С тем и побежала в приемную больницы, и было мне стыдно: значит, Матвея утром не навещу, не успею. Увы, я согласна не успеть – внутри, глубоко. Я ждала подобного. Предсказуемо было, что кто-то из опытных врачей на рассвете придумает причину и не явится в приемный покой. Может, для отмазки, а может и настоящую: вдруг он покинул город в группе Юргена? Так или иначе, мне суждено истратить весь день на осмотр детей.
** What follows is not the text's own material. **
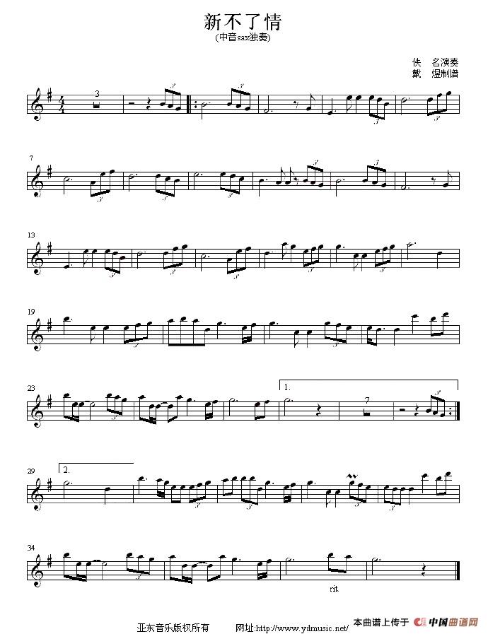 新不了情萨克斯谱(次中音、中音Sax2个版本),新不了情萨克斯简谱"

У нас правило: летом – хотя бы один осмотр в месяц. Ушибы, раны, а еще овода, клещи, змеи, глисты, вши, водные черви и похожие на них ведьмины волосы, шерстинки ужаков… и прочая напасть, без счета. Взрослые стараются беречься или сами идут к врачу, заметив первые симптомы. Дети готовы скрывать даже очень серьёзные травмы, лишь бы не оказаться запертыми в больничной палате.
День начался с вопля Лоло и визга Али. Чего ждать в продолжение, если не шума? Мне спихнули буйную мелкоту. Летний осмотр кого угодно доведет до одурения. Старшие врачи берегут себя. Вдобавок они знают, я – «зеро», я выдержу стресс, не подцеплю заразу и буду внимательна весь день.
Али – это у предков и называлось законом подлости – оказался последним в очереди. Уже солнышко спряталось за крыши домов внешнего периметра, уже все старшие дети покинули зал, уже унесли визгливых младенцев и увели плаксивых гнилозубых недорослей… А я всё возилась с родней Али, и после ловила его, коротконогого, но такого проворного! Он был покусан и исцарапан, у него нашелся гнойник на стопе и ещё подозрительное покраснение на шее. Он уворачивался и выворачивался, врачом меня не считал, я же – «теть Эль», сестра Мари, которая дружит с его пятью сестрами… или кто они ему? Не важно.
Когда пролеченный Али вырвался и умчался, вереща дразнилки, я рухнула на ступеньку крыльца, уронила гудящую голову в гамак ладоней. Пульс держался, а вот жидкие сталлы совсем облезли. Из-за этого я, поймав Али, чуть в обморок не грохнулась… Стоп, не надо вспоминать. Не грохнулась же. Никто ничего не заметил. Но восстановить сталлы я обязана.
Пришлось пересилить себя, вернуться в приёмный покой, добыть из ящика нужную банку. Поочерёдно обмакнуть подушечки пальцев и дождаться, растопырив руки, высыхания клея. Иначе… нет, не стоит и думать.
Пока клей сох, мимо юркнул дежурный врач, скороговоркой велел всё проверить и закрыть. Связка ключей брякнула по подоконнику. Скрипнули доски крыльца… Даже не попросил. И никаких «спасибо». Я ведь не Лоло, истерику не закачу.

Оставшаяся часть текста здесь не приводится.